→ Action item: Transcribe only the part of the material below that begins at the line containing "Entre os membros" and ends at the line containing "gilet in coste  con", with both kept and images left out.

→ Data for this task:

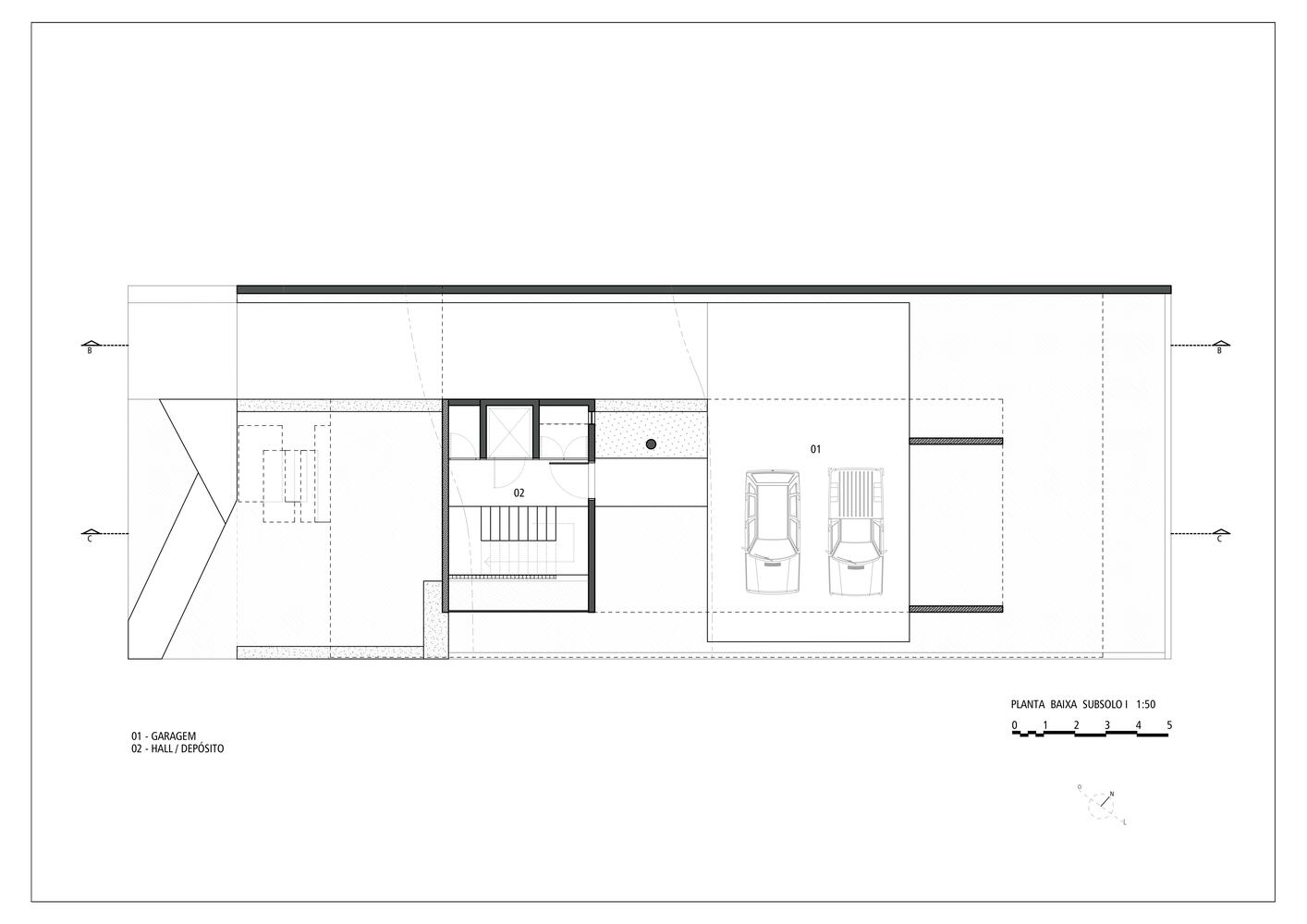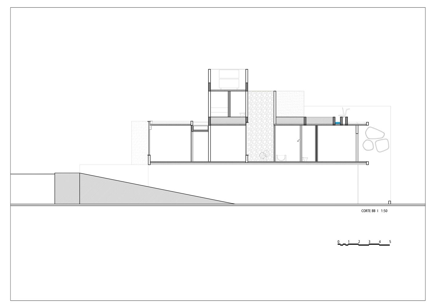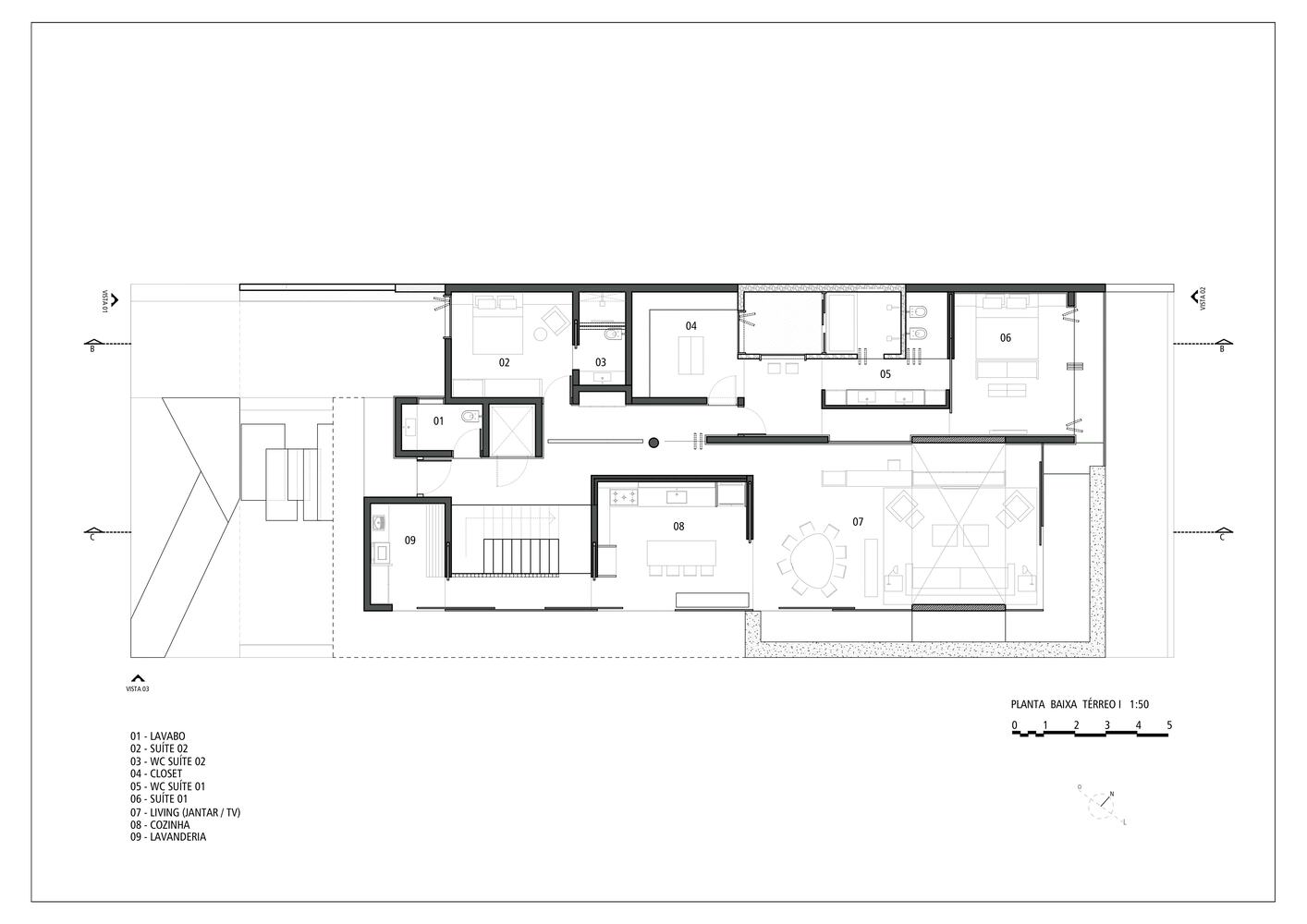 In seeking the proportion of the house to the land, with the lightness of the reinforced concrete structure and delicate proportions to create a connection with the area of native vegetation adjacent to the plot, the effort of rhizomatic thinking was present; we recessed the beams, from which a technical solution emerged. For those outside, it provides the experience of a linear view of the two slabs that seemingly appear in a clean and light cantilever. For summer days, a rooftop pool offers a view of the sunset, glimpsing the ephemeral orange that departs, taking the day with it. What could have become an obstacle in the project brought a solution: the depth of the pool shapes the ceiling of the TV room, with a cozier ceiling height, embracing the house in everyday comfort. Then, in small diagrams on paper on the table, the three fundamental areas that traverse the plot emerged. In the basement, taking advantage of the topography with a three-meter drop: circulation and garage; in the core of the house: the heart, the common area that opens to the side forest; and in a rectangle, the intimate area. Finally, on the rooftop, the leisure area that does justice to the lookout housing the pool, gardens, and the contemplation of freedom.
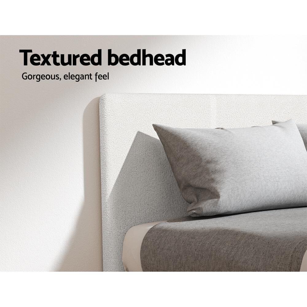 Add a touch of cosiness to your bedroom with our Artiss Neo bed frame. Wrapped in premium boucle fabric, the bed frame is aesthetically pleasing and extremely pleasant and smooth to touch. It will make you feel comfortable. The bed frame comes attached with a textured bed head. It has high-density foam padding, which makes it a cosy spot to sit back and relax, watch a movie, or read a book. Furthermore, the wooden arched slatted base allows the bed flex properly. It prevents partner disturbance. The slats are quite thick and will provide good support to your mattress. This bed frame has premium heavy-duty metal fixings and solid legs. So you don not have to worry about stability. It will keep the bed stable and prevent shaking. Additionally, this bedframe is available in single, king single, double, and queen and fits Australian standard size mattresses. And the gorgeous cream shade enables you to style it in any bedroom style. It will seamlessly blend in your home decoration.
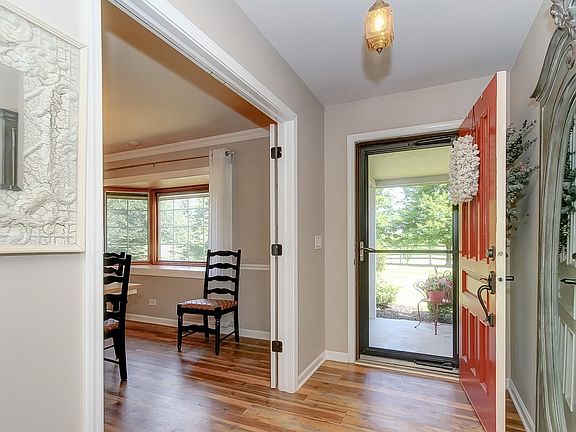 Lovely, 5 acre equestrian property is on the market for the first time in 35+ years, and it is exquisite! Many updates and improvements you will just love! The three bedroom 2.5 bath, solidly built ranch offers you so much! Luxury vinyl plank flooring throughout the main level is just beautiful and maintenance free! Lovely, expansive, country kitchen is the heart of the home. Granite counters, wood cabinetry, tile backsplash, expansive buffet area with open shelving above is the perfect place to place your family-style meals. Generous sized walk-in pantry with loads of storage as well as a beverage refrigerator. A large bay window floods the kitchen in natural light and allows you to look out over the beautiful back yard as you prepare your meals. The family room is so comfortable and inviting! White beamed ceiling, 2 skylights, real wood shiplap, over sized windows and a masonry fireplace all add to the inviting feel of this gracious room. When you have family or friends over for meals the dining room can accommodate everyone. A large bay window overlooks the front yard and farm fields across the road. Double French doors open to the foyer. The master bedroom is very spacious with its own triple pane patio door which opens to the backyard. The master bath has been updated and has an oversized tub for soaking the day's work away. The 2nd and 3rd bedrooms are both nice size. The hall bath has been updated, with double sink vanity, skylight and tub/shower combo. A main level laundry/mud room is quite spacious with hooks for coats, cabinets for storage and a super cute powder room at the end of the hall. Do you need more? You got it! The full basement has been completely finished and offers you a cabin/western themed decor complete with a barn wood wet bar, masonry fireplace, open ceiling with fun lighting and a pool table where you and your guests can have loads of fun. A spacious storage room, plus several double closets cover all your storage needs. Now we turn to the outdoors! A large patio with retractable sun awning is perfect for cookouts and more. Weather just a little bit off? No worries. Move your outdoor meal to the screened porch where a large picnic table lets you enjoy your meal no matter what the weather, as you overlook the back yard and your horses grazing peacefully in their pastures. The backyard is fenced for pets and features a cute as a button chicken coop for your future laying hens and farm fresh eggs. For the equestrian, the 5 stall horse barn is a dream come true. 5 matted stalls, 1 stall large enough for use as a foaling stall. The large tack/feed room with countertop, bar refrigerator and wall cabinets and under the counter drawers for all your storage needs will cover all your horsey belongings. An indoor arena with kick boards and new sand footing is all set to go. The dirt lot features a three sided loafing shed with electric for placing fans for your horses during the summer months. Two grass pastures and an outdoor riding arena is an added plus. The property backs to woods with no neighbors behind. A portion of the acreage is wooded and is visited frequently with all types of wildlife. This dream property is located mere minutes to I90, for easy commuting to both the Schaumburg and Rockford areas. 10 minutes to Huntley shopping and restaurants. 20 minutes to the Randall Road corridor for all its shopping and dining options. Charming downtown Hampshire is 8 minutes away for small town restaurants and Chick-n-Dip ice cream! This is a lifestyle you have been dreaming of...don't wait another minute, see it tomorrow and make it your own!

---

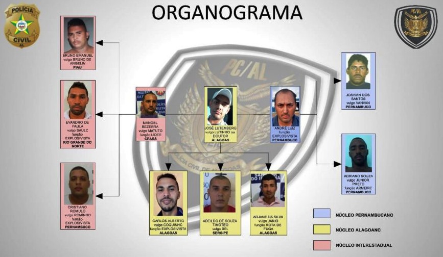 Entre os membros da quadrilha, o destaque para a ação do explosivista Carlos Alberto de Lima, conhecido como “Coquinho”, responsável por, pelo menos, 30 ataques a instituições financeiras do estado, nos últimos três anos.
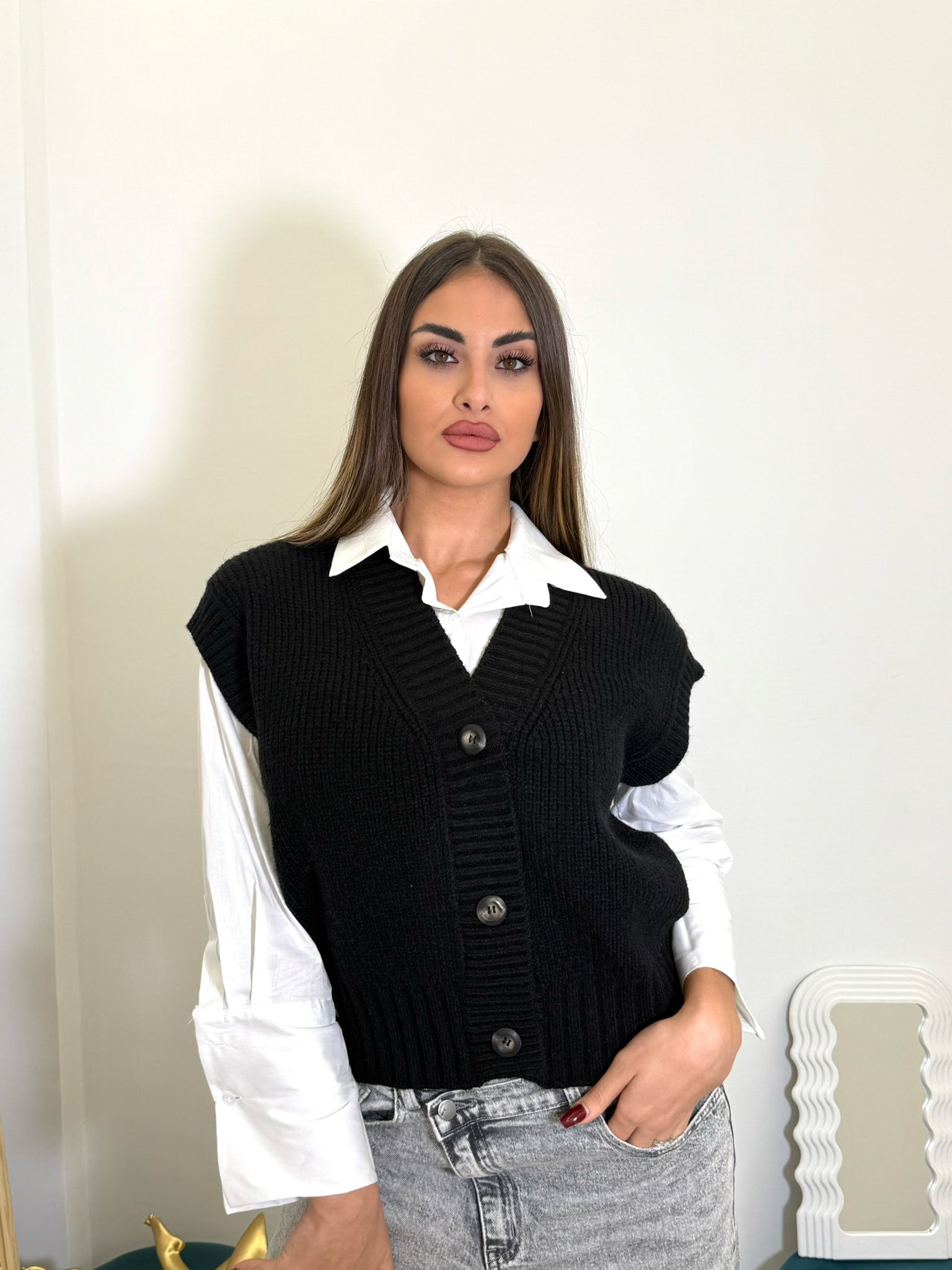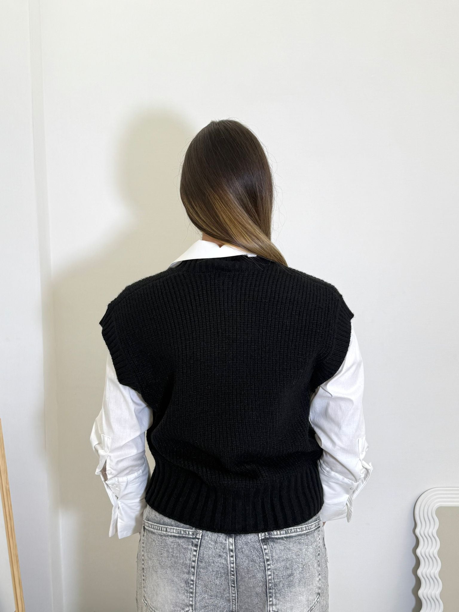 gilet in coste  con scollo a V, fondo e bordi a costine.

==

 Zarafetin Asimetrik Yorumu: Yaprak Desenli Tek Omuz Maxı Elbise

→ Reply to the task:
 Entre os membros da quadrilha, o destaque para a ação do explosivista Carlos Alberto de Lima, conhecido como “Coquinho”, responsável por, pelo menos, 30 ataques a instituições financeiras do estado, nos últimos três anos.
 gilet in coste  con scollo a V, fondo e bordi a costine.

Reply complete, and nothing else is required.